Photo/IllutrationThe Chiba Section, a stratum that features traces of geomagnetic reversal, stretches along the Yorogawa river in Ichihara's Tabuchi district in Chiba Prefecture. (Yumi Nakayama)

  • Photo/Illustraion

ICHIHARA, Chiba Prefecture--City authorities plan to establish an ordinance to override opposition to efforts to have a geological age named “Chibanian” after the prefecture.

City officials said they hope to break the deadlock over an application to have a rare geological stratum, which features traces of the last geomagnetic reversal 770,000 years ago, designated as Japan’s first Global Boundary Stratotype Section and Point (GSSP).

The International Union of Geological Sciences (IUGS) is screening the application filed by a team of scientists. If the stratum, known as the Chiba Section, is recognized as a GSSP, the geological age between 126,000 years and 770,000 years ago will be called “Chibanian,” which means the era of Chiba.

However, Hisashi Nirei, a professor emeritus at Ibaraki University who claims that application documents were fabricated, obtained the right to lease part of the site in Ichihara’s Tabuchi district, blocking researchers from entering the site.

The proposed ordinance is designed to ensure access to the site and specimen sampling for research purposes, which are prerequisites for a GSSP application.

“It will be the greatest honor for local residents if the era named after Chiba is introduced in textbooks around the world,” Ichihara Mayor Joji Koide said at a news conference in June, when city officials outlined the proposed ordinance.

City officials said they hope the draft ordinance will be approved during a municipal assembly session in September.

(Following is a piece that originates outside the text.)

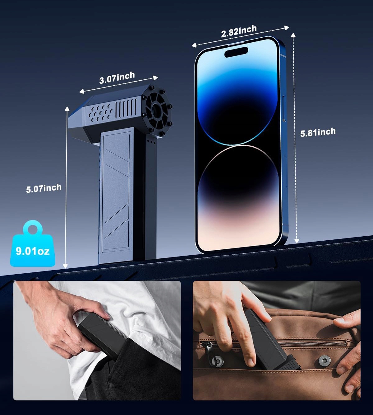 ✅ Пылесос со сжатым воздухом размером с телефон, беспроводной, легкий и портативный, идеально подходит для кемпинга на открытом воздухе и удаления листьев в саду.

The ordinance will stipulate that researchers “shall not be prohibited or hampered from entering specific areas for specimen sampling” and that “violators shall face an administrative fine of up to 50,000 yen ($467).”

The area around the Chiba Section was designated by the central government as a natural treasure in October. The Ichihara city was chosen to manage the site in March.

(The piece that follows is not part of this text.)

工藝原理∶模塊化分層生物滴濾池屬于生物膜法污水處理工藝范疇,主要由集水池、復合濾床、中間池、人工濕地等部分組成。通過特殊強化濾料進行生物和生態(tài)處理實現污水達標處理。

City officials said the stratum possesses an extremely high value and contributes to the advancement of academic research all over the world.

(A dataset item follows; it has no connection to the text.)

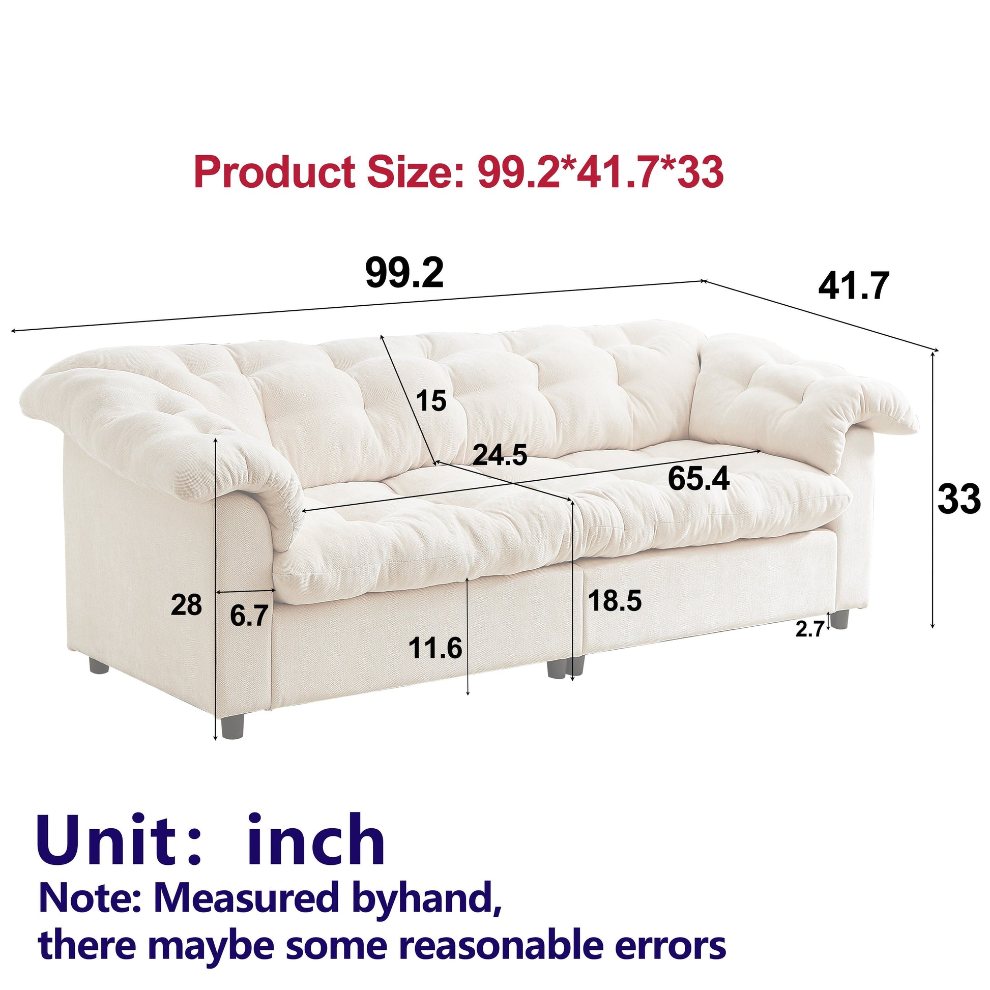 Canapé 3 places classique moderne en tissu 99.2, structure en bois massif et coussin moelleux en forme de nuage

Yusuke Suganuma, an associate professor of magnetics at the National Institute of Polar Research who is among the scientists behind the GSSP application, described the city’s decision to introduce the ordinance as “a significant step forward.”

“If the ordinance is enacted, application requirements will be met,” said Suganuma.

The residents’ association in the Tabuchi district also issued a statement, saying it strongly hoped the stratum would be designated as a GSSP.